Databricks MCP Server

by RafaelCartenet

Data/Integration Databricks SQL API Data

This is a Model Context Protocol (MCP) server for executing SQL queries against Databricks using the Statement Execution API. It can retrieve data by performing SQL requests using the Databricks API, and when used in Agent mode, it can iterate over requests to perform complex tasks.

View on GitHub

Last updated: N/A

What is Databricks MCP Server?

The Databricks MCP Server is a tool that allows you to execute SQL queries against Databricks using the Statement Execution API. It acts as a bridge between MCP clients (like Agent Composer or Cursor) and Databricks, enabling you to retrieve data and perform operations on your Databricks data.

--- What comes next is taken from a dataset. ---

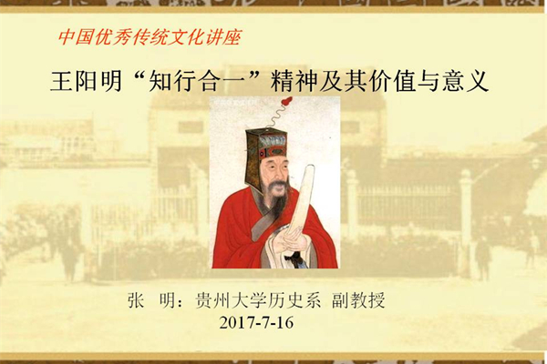 2017年7月16日,贵州大学历史与民族文化学院(中国文化书院)历史系张明副教授应邀赴贵州省六盘水市第三中学,为全校360余名教师作了题为“王阳明‘知行合一’精神及其意义与价值”的主题讲座。讲座分为四大部分:一、王阳明其人和所处的时代;二、龙场悟道:阳明心学的初步形成;三、阳明心学体系的内容与特点;四、“王阳明“知行合一”精神的其意义与价值。

How to use Databricks MCP Server?

To use the server, you need to install the required dependencies, configure your Databricks credentials (either through a .env file or environment variables), and then run the server. You can run it in standalone mode or integrate it with tools like Cursor by configuring the mcp.json file with the correct path to the server.

Key features of Databricks MCP Server

Execute SQL queries on Databricks
List available schemas in a catalog
List tables in a schema
Describe table schemas

Use cases of Databricks MCP Server

Executing SQL queries against Databricks from Agent Composer
Retrieving data from Databricks using Cursor's AI assistant
Automating data extraction and transformation tasks
Integrating Databricks data into other applications via MCP

FAQ from Databricks MCP Server

What is the Model Context Protocol (MCP)?

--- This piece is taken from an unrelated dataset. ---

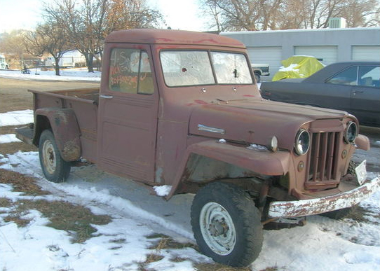 “1955 willys jeeep truck no rust just a fer small dents it did run a few years ago some stold carb and distribitor comes with another engine tranny and transfercase will trade for a 4 wheel drive 4 wheeler or any kind of snowmobile 700 or bigger call or text me what you have no email please”

MCP is a protocol for communication between different components in a system, allowing them to share context and data.

How do I find my Databricks SQL Warehouse ID?

You can find your SQL warehouse ID in the Databricks UI under SQL Warehouses.

What permissions are required to use this server?

The user associated with the provided token must have appropriate permissions to access the specified SQL warehouse, catalogs, schemas, and tables. It's recommended to use a dedicated token with read-only permissions where possible.

How do I handle long-running queries?

The server is designed to handle long-running queries by polling the Databricks API until the query completes or times out. The default timeout is 10 minutes, which can be adjusted in the dbapi.py file.

What if I am not using uv?

If you're not using uv, you can use python instead in the mcp.json file.